TheBanyanTree: If I've Said it Once

maria gibson spaceforone at gmail.com
Thu May 18 19:32:40 PDT 2006


Look.

I don't want, need, desire a long term or traditional relationship.  I had a
perfectly fine one of those animals just fifteen minutes down the road and
had to let it go.  Wasn't sure at the time why I was so willing to do that
but it has become clearer each day I have been away.

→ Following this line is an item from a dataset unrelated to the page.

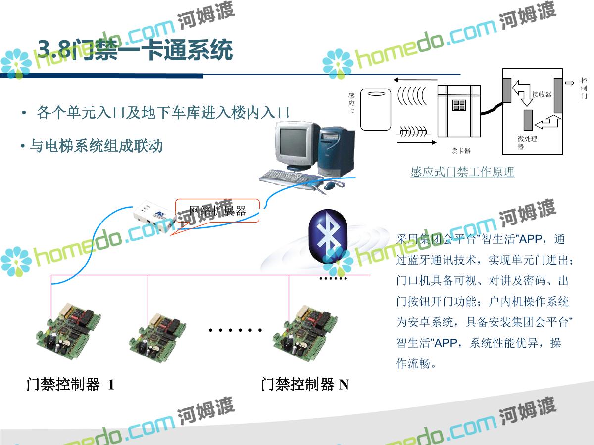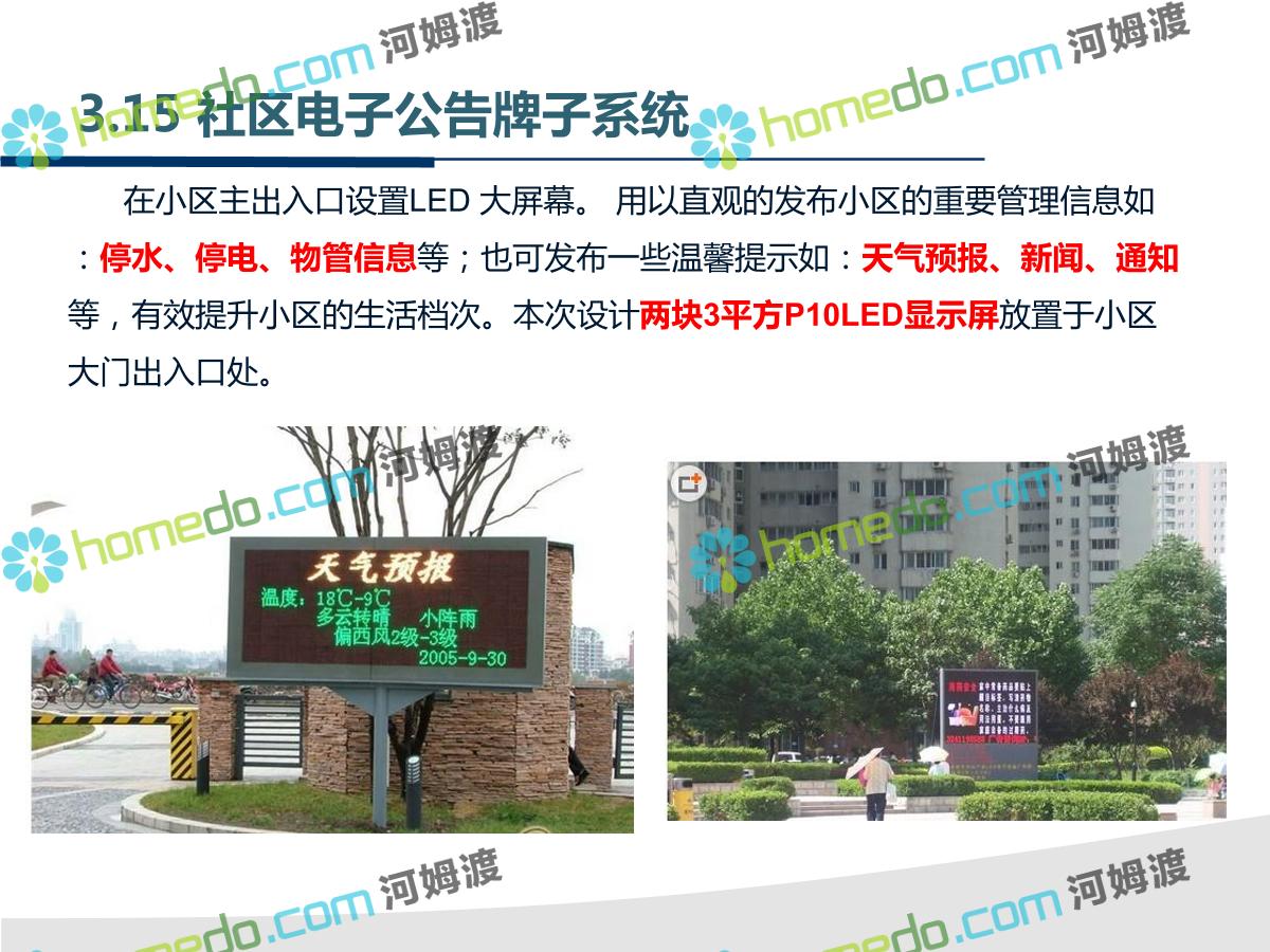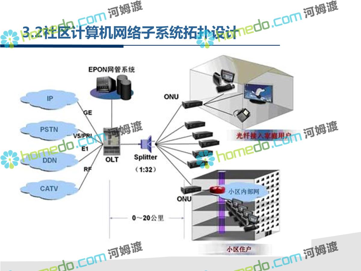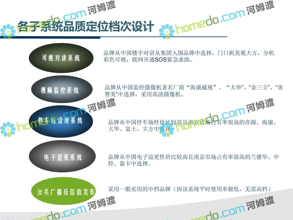 方案简介 智能化小区设计主要体现在三大方面,即: 小区物业管理及安防 信息服务与通讯网络 住宅智能化 同时智能化系统突出表现安全、便捷、舒适和综合的信息服务等方面。 安全——建立先进可靠的安全防范自动化系统。 便捷——以结构化布线系统为基础,构成计算机网络系统,电话系统和有线电视系统。 舒适——建立楼宇自动化系统并采用先进的管理方式。

It was stifling for me,
turns out, and so I am not only not seeking such another animal, I am
actively unseeking it.

Here's what I want.

I want to see you a couple of times a week for fun and games, a good time to
be had by all.  I want you to look forward to it and anticipate it as much
as I do.  I want you to think about it and get a quick delicious shiver down
your spine.  I want to sometimes meet for a drink and shoot the shit about
everything and nothing as we play footsies under the table and gently caress
with fingertips and eyes.  I want to take the occasional trip to the beach
for a day or weekend and watch the sun rise and set, play in the waves, bake
in the hot sun and eat cold chicken in a cooling bed.  I want to stroll the
boardwalk and have you lag behind to check out my ass and then get close and
nuzzle my neck whispering of what you'll be doing later.  I want your voice
so soft in my left ear begging me to let go, let it happen as you move
slowly, your whole weight pressing me into the down.  Intertwined toes, arms
encircling mine from behind and above; gentle, firm, excrutiatingly tender
insistance joining gutteral enjoyment.

I don't want a boyfriend.

I want you and I to live the other five days a week without having to
explain every movement.  I don't want demands, laundry or bills or shared
offspring.  I want to enjoy the good of us, discuss until the wee hours the
least of us and then fall back into newly learned niches of nudity, discover
new territories, have coffee in the morning and then kiss goodbye.  For
today.  For a few days.  And then start all over again.

I need quasi-intimacy.  Nothing more and nothing less.